Skip all pictures; return exactly the lines from the one containing "LDA by Lefse" through the end of the data.

Information provided ▸

>>

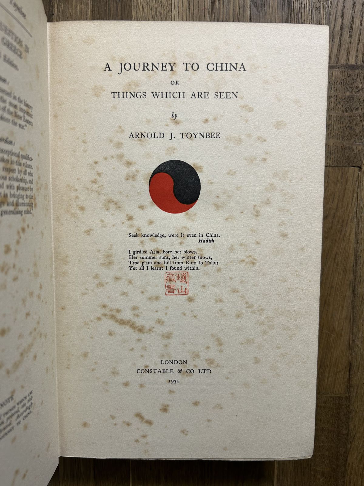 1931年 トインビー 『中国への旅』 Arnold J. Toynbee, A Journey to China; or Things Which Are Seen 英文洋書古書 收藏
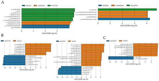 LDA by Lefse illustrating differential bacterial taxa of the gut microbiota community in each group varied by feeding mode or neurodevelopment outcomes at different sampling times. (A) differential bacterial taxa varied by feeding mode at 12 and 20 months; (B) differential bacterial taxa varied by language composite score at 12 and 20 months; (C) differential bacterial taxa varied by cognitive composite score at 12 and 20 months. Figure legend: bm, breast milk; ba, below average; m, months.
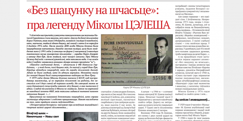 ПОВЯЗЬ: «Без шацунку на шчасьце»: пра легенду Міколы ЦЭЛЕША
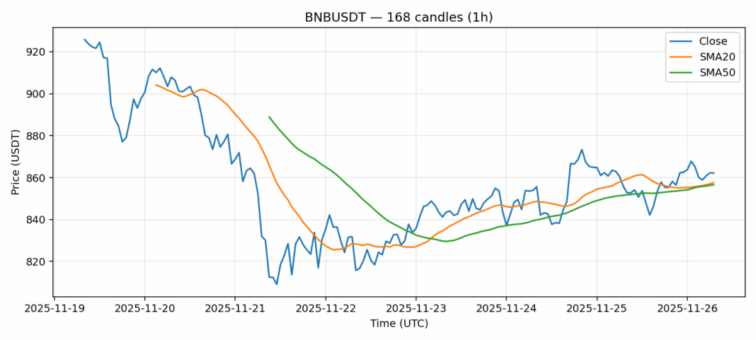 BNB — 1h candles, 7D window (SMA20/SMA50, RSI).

<<

Answer area ▸
 LDA by Lefse illustrating differential bacterial taxa of the gut microbiota community in each group varied by feeding mode or neurodevelopment outcomes at different sampling times. (A) differential bacterial taxa varied by feeding mode at 12 and 20 months; (B) differential bacterial taxa varied by language composite score at 12 and 20 months; (C) differential bacterial taxa varied by cognitive composite score at 12 and 20 months. Figure legend: bm, breast milk; ba, below average; m, months.
 ПОВЯЗЬ: «Без шацунку на шчасьце»: пра легенду Міколы ЦЭЛЕША
 BNB — 1h candles, 7D window (SMA20/SMA50, RSI).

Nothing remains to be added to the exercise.